# What to produce
Extract every line below that contains the word "Depending".

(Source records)
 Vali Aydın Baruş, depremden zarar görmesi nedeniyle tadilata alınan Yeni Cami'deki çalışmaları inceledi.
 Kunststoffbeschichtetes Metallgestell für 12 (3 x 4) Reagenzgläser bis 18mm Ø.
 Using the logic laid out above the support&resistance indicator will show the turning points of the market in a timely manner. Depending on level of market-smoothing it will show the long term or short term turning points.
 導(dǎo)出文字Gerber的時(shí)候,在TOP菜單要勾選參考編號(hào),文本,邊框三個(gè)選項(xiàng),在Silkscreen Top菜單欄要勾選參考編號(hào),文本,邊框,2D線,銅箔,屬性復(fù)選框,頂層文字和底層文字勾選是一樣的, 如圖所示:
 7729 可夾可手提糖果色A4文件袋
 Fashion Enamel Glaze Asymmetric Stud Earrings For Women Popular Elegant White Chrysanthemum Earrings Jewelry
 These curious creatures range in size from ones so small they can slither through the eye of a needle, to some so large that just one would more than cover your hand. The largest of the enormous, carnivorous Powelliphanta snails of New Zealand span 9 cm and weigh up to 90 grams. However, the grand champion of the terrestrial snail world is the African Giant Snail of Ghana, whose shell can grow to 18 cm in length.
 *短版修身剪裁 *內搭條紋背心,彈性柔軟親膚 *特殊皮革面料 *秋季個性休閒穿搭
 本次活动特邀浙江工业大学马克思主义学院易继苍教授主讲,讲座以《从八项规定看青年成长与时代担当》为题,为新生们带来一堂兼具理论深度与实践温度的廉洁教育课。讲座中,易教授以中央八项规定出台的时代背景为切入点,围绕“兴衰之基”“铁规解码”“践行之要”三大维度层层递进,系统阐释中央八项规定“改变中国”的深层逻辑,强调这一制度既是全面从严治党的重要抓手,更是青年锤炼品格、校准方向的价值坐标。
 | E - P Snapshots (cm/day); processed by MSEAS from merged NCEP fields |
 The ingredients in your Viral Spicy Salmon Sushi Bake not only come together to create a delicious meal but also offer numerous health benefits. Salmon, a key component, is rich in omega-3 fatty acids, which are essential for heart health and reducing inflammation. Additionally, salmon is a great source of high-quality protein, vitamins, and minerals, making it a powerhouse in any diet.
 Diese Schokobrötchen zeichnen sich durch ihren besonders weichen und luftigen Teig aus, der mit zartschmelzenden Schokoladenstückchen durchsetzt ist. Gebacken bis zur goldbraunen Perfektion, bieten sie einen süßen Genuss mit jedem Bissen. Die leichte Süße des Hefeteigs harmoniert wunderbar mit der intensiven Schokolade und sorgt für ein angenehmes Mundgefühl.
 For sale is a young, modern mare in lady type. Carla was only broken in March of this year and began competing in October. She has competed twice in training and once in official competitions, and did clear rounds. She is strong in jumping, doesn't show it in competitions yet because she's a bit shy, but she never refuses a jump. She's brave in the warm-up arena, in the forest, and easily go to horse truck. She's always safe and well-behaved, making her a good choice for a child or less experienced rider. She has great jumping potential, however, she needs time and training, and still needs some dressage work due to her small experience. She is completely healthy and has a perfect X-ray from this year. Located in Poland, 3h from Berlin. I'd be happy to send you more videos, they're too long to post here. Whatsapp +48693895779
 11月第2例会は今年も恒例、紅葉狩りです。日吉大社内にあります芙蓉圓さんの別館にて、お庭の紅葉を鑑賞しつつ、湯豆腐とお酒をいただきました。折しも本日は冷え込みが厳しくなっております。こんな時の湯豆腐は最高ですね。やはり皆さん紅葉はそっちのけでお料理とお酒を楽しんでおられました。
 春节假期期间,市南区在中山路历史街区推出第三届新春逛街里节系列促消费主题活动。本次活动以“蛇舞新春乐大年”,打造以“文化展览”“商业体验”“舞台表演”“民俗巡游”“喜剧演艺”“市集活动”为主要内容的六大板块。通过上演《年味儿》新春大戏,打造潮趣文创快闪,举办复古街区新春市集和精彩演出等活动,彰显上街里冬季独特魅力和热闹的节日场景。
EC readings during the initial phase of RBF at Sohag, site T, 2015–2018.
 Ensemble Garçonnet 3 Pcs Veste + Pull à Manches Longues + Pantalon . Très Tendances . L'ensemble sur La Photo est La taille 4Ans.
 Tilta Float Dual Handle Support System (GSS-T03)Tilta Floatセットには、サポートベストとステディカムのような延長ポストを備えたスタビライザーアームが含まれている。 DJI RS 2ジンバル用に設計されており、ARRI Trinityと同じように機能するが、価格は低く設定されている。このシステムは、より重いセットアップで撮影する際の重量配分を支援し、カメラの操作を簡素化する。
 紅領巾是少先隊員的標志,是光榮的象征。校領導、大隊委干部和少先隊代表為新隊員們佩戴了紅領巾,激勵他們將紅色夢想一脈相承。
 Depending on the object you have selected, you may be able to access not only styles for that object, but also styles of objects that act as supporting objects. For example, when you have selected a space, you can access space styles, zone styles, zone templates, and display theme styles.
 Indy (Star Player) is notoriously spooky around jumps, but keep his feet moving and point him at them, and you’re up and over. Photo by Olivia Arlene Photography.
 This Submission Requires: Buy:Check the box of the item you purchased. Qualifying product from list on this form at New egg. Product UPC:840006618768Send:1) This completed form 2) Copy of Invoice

# Answer space
 Using the logic laid out above the support&resistance indicator will show the turning points of the market in a timely manner. Depending on level of market-smoothing it will show the long term or short term turning points.
 Depending on the object you have selected, you may be able to access not only styles for that object, but also styles of objects that act as supporting objects. For example, when you have selected a space, you can access space styles, zone styles, zone templates, and display theme styles.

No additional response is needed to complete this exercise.